_What you will do_. Could you retype all of the entries exactly, without their pictures?

_Dataset records_.
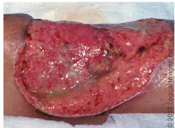
Figure 1. Pyoderma Gangraenosum

Copyright: © 2024 Rohl T. This is an open-access article distributed under the terms of the Creative Commons Attribution License, which permits unrestricted use, distribution, and reproduction in any medium, provided the original author and source are credited.
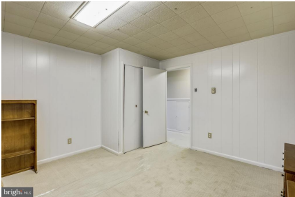
Study in Lower Level
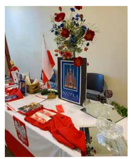
Display of Polish artifacts and information.

Guests enjoyed the afternoon and thanked the presenters for a wonderful afternoon.

_Response to this task_.
Figure 1. Pyoderma Gangraenosum

Copyright: © 2024 Rohl T. This is an open-access article distributed under the terms of the Creative Commons Attribution License, which permits unrestricted use, distribution, and reproduction in any medium, provided the original author and source are credited.
Study in Lower Level
Display of Polish artifacts and information.

Guests enjoyed the afternoon and thanked the presenters for a wonderful afternoon.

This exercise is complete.